What you will do
Your task is to give the data again, exactly, with every line intact.

Dataset excerpts

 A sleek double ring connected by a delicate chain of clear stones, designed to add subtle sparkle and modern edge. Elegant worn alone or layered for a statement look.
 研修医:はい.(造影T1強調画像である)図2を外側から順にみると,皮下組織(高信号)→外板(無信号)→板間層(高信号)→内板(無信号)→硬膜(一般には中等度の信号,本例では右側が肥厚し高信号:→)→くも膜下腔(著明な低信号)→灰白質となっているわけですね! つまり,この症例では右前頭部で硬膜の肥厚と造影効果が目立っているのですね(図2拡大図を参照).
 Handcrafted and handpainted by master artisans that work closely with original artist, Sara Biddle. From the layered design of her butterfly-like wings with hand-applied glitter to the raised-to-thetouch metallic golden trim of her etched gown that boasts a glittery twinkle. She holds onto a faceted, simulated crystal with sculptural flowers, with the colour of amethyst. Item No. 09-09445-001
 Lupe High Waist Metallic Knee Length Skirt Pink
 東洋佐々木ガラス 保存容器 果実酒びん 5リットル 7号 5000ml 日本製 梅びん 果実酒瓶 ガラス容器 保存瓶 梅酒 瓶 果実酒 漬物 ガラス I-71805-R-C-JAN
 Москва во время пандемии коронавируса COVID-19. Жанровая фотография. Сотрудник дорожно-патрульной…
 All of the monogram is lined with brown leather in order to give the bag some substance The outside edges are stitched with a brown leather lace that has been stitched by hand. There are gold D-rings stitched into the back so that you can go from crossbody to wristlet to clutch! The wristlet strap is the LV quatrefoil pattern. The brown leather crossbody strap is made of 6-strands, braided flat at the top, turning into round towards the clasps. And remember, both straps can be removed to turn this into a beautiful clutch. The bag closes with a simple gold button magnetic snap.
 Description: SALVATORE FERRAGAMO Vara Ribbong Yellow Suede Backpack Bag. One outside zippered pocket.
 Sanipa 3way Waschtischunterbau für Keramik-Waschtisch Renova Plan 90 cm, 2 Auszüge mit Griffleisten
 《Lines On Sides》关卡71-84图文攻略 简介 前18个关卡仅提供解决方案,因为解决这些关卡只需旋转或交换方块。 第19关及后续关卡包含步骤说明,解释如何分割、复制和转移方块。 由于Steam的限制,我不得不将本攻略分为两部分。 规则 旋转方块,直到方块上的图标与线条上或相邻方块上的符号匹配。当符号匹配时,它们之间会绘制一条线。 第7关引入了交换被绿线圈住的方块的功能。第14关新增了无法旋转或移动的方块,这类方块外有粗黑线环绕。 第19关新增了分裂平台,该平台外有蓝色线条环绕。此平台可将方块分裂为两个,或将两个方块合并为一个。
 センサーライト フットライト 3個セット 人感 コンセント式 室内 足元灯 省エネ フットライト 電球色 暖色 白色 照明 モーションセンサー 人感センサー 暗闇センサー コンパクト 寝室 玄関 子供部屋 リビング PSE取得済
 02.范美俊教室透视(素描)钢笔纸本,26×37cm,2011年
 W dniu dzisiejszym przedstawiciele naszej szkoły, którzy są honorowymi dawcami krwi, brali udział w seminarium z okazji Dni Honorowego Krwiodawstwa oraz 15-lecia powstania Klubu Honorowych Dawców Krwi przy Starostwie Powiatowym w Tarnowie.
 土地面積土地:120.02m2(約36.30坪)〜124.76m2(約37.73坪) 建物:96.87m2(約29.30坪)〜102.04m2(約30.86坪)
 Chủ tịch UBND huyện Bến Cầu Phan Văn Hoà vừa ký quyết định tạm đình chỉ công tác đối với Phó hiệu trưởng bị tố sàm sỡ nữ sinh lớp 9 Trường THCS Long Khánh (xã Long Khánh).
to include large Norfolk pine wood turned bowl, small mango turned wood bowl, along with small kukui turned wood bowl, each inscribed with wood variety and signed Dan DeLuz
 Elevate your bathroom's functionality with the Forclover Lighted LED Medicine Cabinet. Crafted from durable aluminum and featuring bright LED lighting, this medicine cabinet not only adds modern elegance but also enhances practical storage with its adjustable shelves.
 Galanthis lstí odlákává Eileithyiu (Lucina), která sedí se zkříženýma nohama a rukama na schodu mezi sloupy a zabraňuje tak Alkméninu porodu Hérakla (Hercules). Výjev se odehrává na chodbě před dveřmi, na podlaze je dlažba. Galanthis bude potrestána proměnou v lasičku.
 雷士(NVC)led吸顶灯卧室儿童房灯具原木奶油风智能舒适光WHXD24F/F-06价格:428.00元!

Answer to this exercise
 A sleek double ring connected by a delicate chain of clear stones, designed to add subtle sparkle and modern edge. Elegant worn alone or layered for a statement look.
 研修医:はい.(造影T1強調画像である)図2を外側から順にみると,皮下組織(高信号)→外板(無信号)→板間層(高信号)→内板(無信号)→硬膜(一般には中等度の信号,本例では右側が肥厚し高信号:→)→くも膜下腔(著明な低信号)→灰白質となっているわけですね! つまり,この症例では右前頭部で硬膜の肥厚と造影効果が目立っているのですね(図2拡大図を参照).
 Handcrafted and handpainted by master artisans that work closely with original artist, Sara Biddle. From the layered design of her butterfly-like wings with hand-applied glitter to the raised-to-thetouch metallic golden trim of her etched gown that boasts a glittery twinkle. She holds onto a faceted, simulated crystal with sculptural flowers, with the colour of amethyst. Item No. 09-09445-001
 Lupe High Waist Metallic Knee Length Skirt Pink
 東洋佐々木ガラス 保存容器 果実酒びん 5リットル 7号 5000ml 日本製 梅びん 果実酒瓶 ガラス容器 保存瓶 梅酒 瓶 果実酒 漬物 ガラス I-71805-R-C-JAN
 Москва во время пандемии коронавируса COVID-19. Жанровая фотография. Сотрудник дорожно-патрульной…
 All of the monogram is lined with brown leather in order to give the bag some substance The outside edges are stitched with a brown leather lace that has been stitched by hand. There are gold D-rings stitched into the back so that you can go from crossbody to wristlet to clutch! The wristlet strap is the LV quatrefoil pattern. The brown leather crossbody strap is made of 6-strands, braided flat at the top, turning into round towards the clasps. And remember, both straps can be removed to turn this into a beautiful clutch. The bag closes with a simple gold button magnetic snap.
 Description: SALVATORE FERRAGAMO Vara Ribbong Yellow Suede Backpack Bag. One outside zippered pocket.
 Sanipa 3way Waschtischunterbau für Keramik-Waschtisch Renova Plan 90 cm, 2 Auszüge mit Griffleisten
 《Lines On Sides》关卡71-84图文攻略 简介 前18个关卡仅提供解决方案,因为解决这些关卡只需旋转或交换方块。 第19关及后续关卡包含步骤说明,解释如何分割、复制和转移方块。 由于Steam的限制,我不得不将本攻略分为两部分。 规则 旋转方块,直到方块上的图标与线条上或相邻方块上的符号匹配。当符号匹配时,它们之间会绘制一条线。 第7关引入了交换被绿线圈住的方块的功能。第14关新增了无法旋转或移动的方块,这类方块外有粗黑线环绕。 第19关新增了分裂平台,该平台外有蓝色线条环绕。此平台可将方块分裂为两个,或将两个方块合并为一个。
 センサーライト フットライト 3個セット 人感 コンセント式 室内 足元灯 省エネ フットライト 電球色 暖色 白色 照明 モーションセンサー 人感センサー 暗闇センサー コンパクト 寝室 玄関 子供部屋 リビング PSE取得済
 02.范美俊教室透视(素描)钢笔纸本,26×37cm,2011年
 W dniu dzisiejszym przedstawiciele naszej szkoły, którzy są honorowymi dawcami krwi, brali udział w seminarium z okazji Dni Honorowego Krwiodawstwa oraz 15-lecia powstania Klubu Honorowych Dawców Krwi przy Starostwie Powiatowym w Tarnowie.
 土地面積土地:120.02m2(約36.30坪)〜124.76m2(約37.73坪) 建物:96.87m2(約29.30坪)〜102.04m2(約30.86坪)
 Chủ tịch UBND huyện Bến Cầu Phan Văn Hoà vừa ký quyết định tạm đình chỉ công tác đối với Phó hiệu trưởng bị tố sàm sỡ nữ sinh lớp 9 Trường THCS Long Khánh (xã Long Khánh).
to include large Norfolk pine wood turned bowl, small mango turned wood bowl, along with small kukui turned wood bowl, each inscribed with wood variety and signed Dan DeLuz
 Elevate your bathroom's functionality with the Forclover Lighted LED Medicine Cabinet. Crafted from durable aluminum and featuring bright LED lighting, this medicine cabinet not only adds modern elegance but also enhances practical storage with its adjustable shelves.
 Galanthis lstí odlákává Eileithyiu (Lucina), která sedí se zkříženýma nohama a rukama na schodu mezi sloupy a zabraňuje tak Alkméninu porodu Hérakla (Hercules). Výjev se odehrává na chodbě před dveřmi, na podlaze je dlažba. Galanthis bude potrestána proměnou v lasičku.
 雷士(NVC)led吸顶灯卧室儿童房灯具原木奶油风智能舒适光WHXD24F/F-06价格:428.00元!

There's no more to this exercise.